# WHAT TO DO
Print the whole listing again exactly, keeping no pictures in it.

# DATA
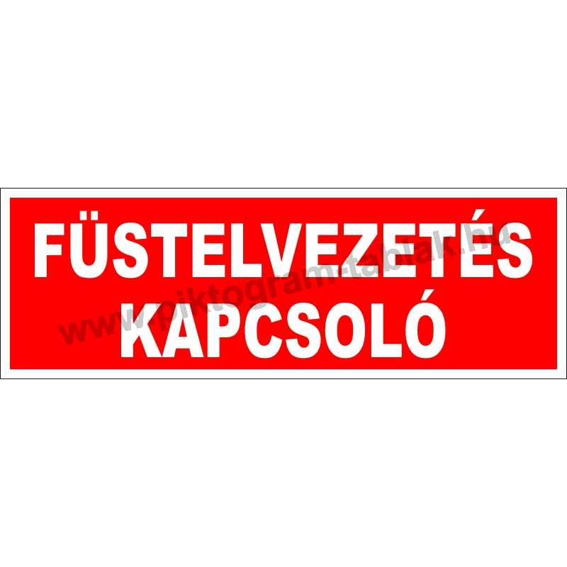 Ez a tűzvédelmi jelzés a füstelvezető kapcsoló hely mutatja. Utánvilágító kivitelben áramszünet esetén is jól látható, így segíti a gyors beavatkozást. Kérhető hablemez táblaként és öntadó matricaként, többféle méretben.
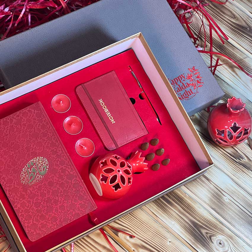 ست هدیه یلدایی کد 600 یک پک کامل و کاربردی شامل کتاب حافظ اروپایی ، نت جیبی روژان ، خودکار ، جاعودی و عود ، شمع وارمر است. این محصول با جعبه شیک و قابلیت شخصیسازی، انتخابی مناسب برای هدیههای شرکتی و مدیریتی است.
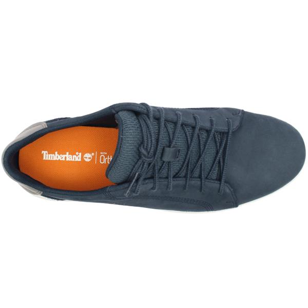 Step into comfort with mens casual shoes from Timberland shoes. Crafted in rich blue with a contrasted grey heel cap and suede heel overlay. Lace up design ensures a precise customizable fit. Equipped with a removable Ortholite foam insole for long lasting cushioning and a breathable feel. A crisp white sole gives a modern contrast to the upper.

# FINISHED TASK
 Ez a tűzvédelmi jelzés a füstelvezető kapcsoló hely mutatja. Utánvilágító kivitelben áramszünet esetén is jól látható, így segíti a gyors beavatkozást. Kérhető hablemez táblaként és öntadó matricaként, többféle méretben.
 ست هدیه یلدایی کد 600 یک پک کامل و کاربردی شامل کتاب حافظ اروپایی ، نت جیبی روژان ، خودکار ، جاعودی و عود ، شمع وارمر است. این محصول با جعبه شیک و قابلیت شخصیسازی، انتخابی مناسب برای هدیههای شرکتی و مدیریتی است.
 Step into comfort with mens casual shoes from Timberland shoes. Crafted in rich blue with a contrasted grey heel cap and suede heel overlay. Lace up design ensures a precise customizable fit. Equipped with a removable Ortholite foam insole for long lasting cushioning and a breathable feel. A crisp white sole gives a modern contrast to the upper.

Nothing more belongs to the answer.